Final Report Summary - S-RNA-S (Small ribonucleic acids in silico)

Ribonucleic acid (RNA) has a crucial role in the post-transcriptional regulation of gene expression. One goal of this project was to bring state-of-the-art techniques used in the molecular dynamics community into the RNA field. In particular, our group had a native expertise in enhanced sampling methods. Another goal was to apply these techniques, in combination with standard molecular dynamics and state-of-the-art rare-event methods, to the study of topics including riboswitch folding and dynamics, RNA-protein interaction and folding of non-coding RNAs.

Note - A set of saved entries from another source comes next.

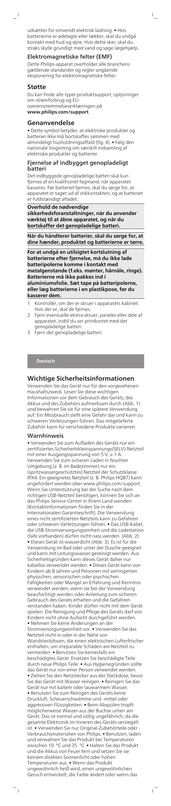 étanche (Fig. 3). Il peut être utilisé dans la baignoire et sous la douche, et peut être nettoyé sous l'eau du robinet. Pour des raisons de sécurité, l'appareil est uniquement prévu pour une utilisation sans fil. + Cet appareil peut être utilisé par des enfants âgés de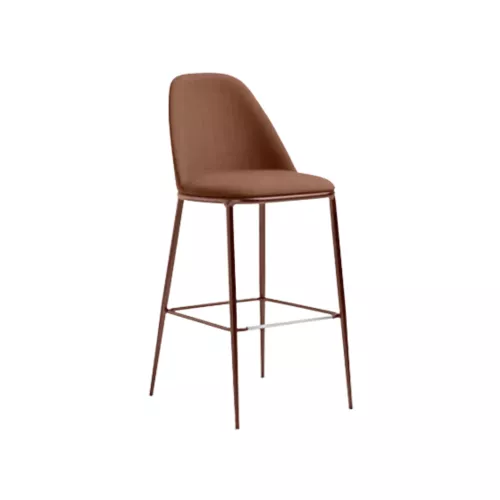 Acest scaun de bar îmbină eleganța și confortul, având o bază solidă din metal și tapițerie moale, disponibilă în stofă, piele sau piele ecologică. Se poate opta pentru combinații de materiale sau culori diferite între față și spate, oferind un aspect personalizat. Ideal pentru baruri, restaurante și zone lounge moderne.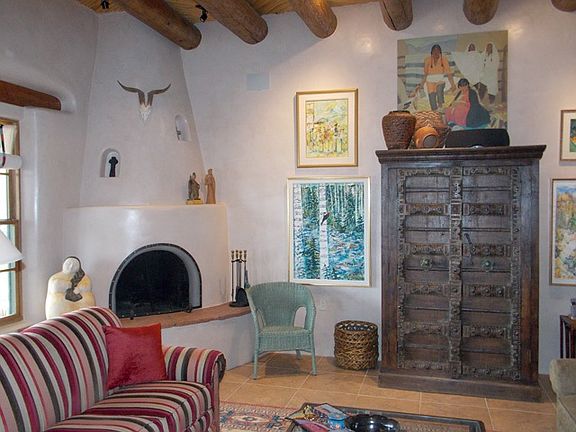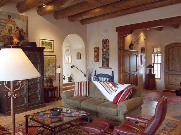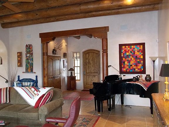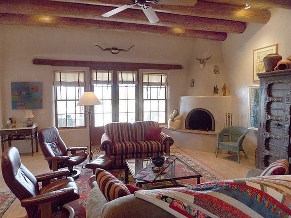 Architectural Digest, eat your heart out! This beautifully designed, thoughtfully constructed Pueblo Revival home nestled against U.S. Forest Service land in the Weimer foothills is a timeless work of art. A flagstone walk leads through a welcoming garden to a covered portal and the front door. Step inside to the entryway, and you'll immediately appreciate the simple, comfortable elegance of the home's design, the work of architect Jack Nottingham. Among the many special touches: a different ceiling treatment in each room. The foyer features a cedar shake ceiling, the great room vigas and latillas, the dining room hand-carved beams, and the kitchen a network of beams that recalls the exposed rafters of the Craftsman style. The kitchen itself is a work of art, with custom alder cabinets, polished pink granite countertops, an island with a five-burner Wolf gas range and Wolf microwave drawer, Wolf electric double ovens, a Subzero side-by-side stainless steel refrigerator, double stainless steel sinks, and a backsplash of decorative tiles. Off the kitchen are a large walk-in pantry, a powder room, and the laundry room, which features front-loading Kenmore washer and dryer, a stainless steel sink, a backsplash made of tiles from Israel, and generous workspace. The laundry room opens to a finished, oversized two-car garage, where you'll find the mechanical room. The home has great flow. The dining room is separated from the kitchen by a step-front granite counter (ideal for casual dining). From both the dining room and the great room, french doors lead to the back patio, which includes a covered portal with the same Italian porcelain tile flooring you'll find throughout the home and a gas grill powered by an in-ground propane line. Just beyond the patio is a private patio off the master bath, where you can soak in the hot tub. The exterior of the home has numerous electrical outlets and more than 30 lights, which is wonderful for parties that run into the evening. Back inside, take some time to enjoy the ambience of the great room, with its focal-point corner kiva fireplace; the kiva has a gas starter and could be converted to a gas-log fireplace. And note the nichos here and there throughout the home--perfect spots to showcase special pieces of art. Three steps up from the great room is an extra-wide hallway, off of which are the homes four bedrooms. As in the rest of the home, the ceiling treatment varies from room to room--and the hallway features handcarved beams and corbels. All the bedrooms have large closets; two of the guestrooms as well as the master bedroom each have two walk-in closets. One guestroom has an en suite bath; the other two share a bathroom. The master suite is very large, and the bathroom has an exterior entrance that leads to the private patio and hot tub with its screen of aspens. The master bath also has ample storage, two sinks set in separate vanities, and a large walk-in shower with beautiful mosaic accents. Throughout the home, walls are finished in a neutral hard-trowel plaster. Tall ceilings contribute to the sense of spaciousness, but at 3098 square feet, you have room to roam. The home also has multiple ceiling fans and an alarm system. Located at the end of a cul de sac, the home offers exceptional views of the Sangre de Cristo Mountains, sunset views of Taos Mesa, and intimate views of the wooded foothills. By design, the home's many windows allow you to take in the landscape from indoors, but you'll also enjoy spending time outdoors. The drip irrigation system has five zones and a timer. This property is truly a cut above the rest--sophisticated but not stuffy, comfortable yet elegant. This is a must-see.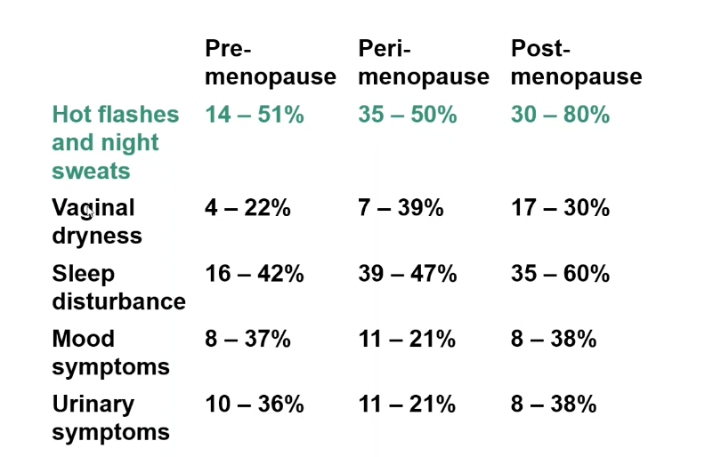 -Hot flushes, night sweats, vaginal dryness and discomfort during sex,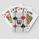 personalized Playing Cards features an Art Deco inspired original design w/a card playing theme composed of bright red & black card suit symbols (diamond, club, heart & spade) centred where the black thick & thin horizontal & vertical lines of a grid meet, w/a large custom text field for your monogram in the centre.

In these years we have published a number of methodological papers describing new techniques that can be used to either accelerate molecular dynamics simulations or to analyze them. All these techniques have been made available to the scientific community. A major result of our project was the publication of a novel version of the software PLUMED, developed in collaboration with other research groups. It is relevant to mention that many of the techniques developed in our group were already used by other groups. We believe that the techniques we developed represent a major improvement beyond the state of the art and will influence the RNA-simulation community in the next years.

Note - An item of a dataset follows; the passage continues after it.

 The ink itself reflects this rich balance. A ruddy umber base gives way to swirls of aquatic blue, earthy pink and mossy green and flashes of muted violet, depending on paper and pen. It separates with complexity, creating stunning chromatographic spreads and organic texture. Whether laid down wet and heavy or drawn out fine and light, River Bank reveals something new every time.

At the same time, we applied these techniques to a number of biologically relevant problems. We performed molecular dynamics simulations of a RNA-helicase complex. Simulation studies on RNA-protein complexes are still very rare, and we believe we gave a proof of concept of what can be done using these techniques. In addition, we applied our methods to the characterization of riboswitch folding, focusing on the effect of ligand binding on the conformational landscape. Our results clarify how ligand and ions influence riboswitch dynamics and, ultimately, allow gene expression to be controlled. Finally, we used enhanced sampling methods, in combination with techniques to combine molecular dynamics simulations with NMR data, to characterize the structural dynamics of a non-coding RNA.

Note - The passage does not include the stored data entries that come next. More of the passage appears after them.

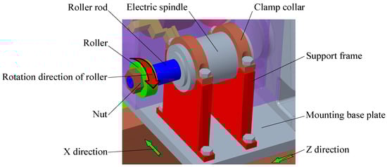 As shown in Figure 7, the roller truing device of the conductive grinding wheel is mainly composed of a mounting base plate, support frame, clamp collar, electric spindle, roller rod, and roller.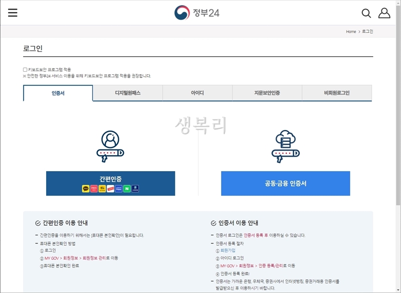 이때 공동인증서 등이 필요합니다.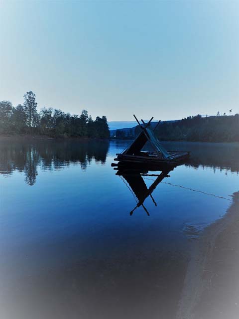 In the early evening we reached our end point and now needed to land the raft in the area of the log trap. The log trap is a construction that gathers the logs together once you have separated them from each other. Forestry machines then lift the logs out of the river and transport them back up the river to the building site to become new rafts!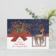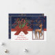 Cute Reindeer Red Bow Blue& White Holiday Card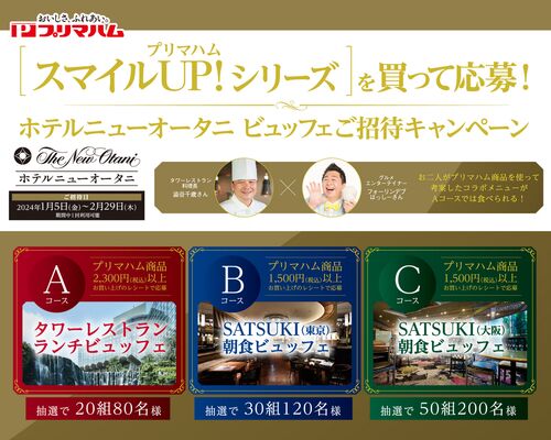 プリマハムで行われている『ホテルニューオータニ ビュッフェご招待キャンペーン』をご紹介! ホテルニューオータニ ビュッフェご招待キャンペーン 画像出典:プリマハム 【賞品】 Aコース:タワーレストラン ランチビュッフェ×20組80名 Bコース:SATSUKI…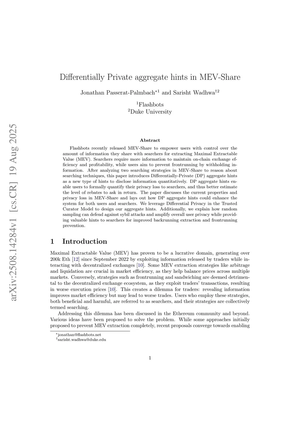 Flashbots recently released mev-share to empower users with control over the amount of information they share with searchers for extracting Maximal Extractable Value (MEV). Searchers require more information to maintain on-chain exchange efficiency and profitability, while users aim to prevent frontrunning by withholding information. After analyzing two searching strategies in mev-share to reason about searching techniques, this paper introduces Differentially-Private (DP) aggregate hints as a new type of hints to disclose information quantitatively. DP aggregate hints enable users to formally quantify their privacy loss to searchers, and thus better estimate the level of rebates to ask in return. The paper discusses the current properties and privacy loss in mev-share and lays out how DP aggregate hints could enhance the system for both users and searchers. We leverage Differential Privacy in the Trusted Curator Model to design our aggregate hints. Additionally, we explain how random sampling can defend against sybil attacks and amplify overall user privacy while providing valuable hints to searchers for improved backrunning extraction and frontrunning prevention.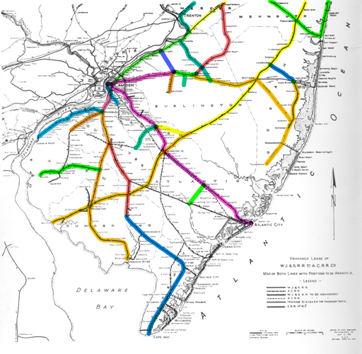 * The Camden Gloucester & Mt. Ephraim RR had established service to Gloucester in 1874 but Gloucester had already been reached by the West Jersey RR in 1857. (adding another color for this short distance would unnecessarily muddy the map as well). Many thanks to the West Jersey Chapter of the National Railway Historical Society for granting permission to use the base map, and to Paul W. Schopp for providing detailed information, advice and encouragement. Last updated: 2005 Seventh Month, 2nd. |

In addition to these works, we had to solve an unforeseen problem. Namely, the quality of the models used in molecular dynamics simulations turned out to be insufficient for the blind theoretical prediction of experimental results. We tackled this problem in practice by combining molecular dynamics simulations with experimental data and by developing a “knowledge based” coarse grained methods. Whereas the quality of models used in molecular dynamics simulations was not clear when we started our project, the work from our and other groups clearly demonstrated how far blind prediction of RNA structure can be pushed, establishing significant benchmarks. We believe these benchmarks will have a significant influence in future research.

Overall, the main objectives of the project were accomplished.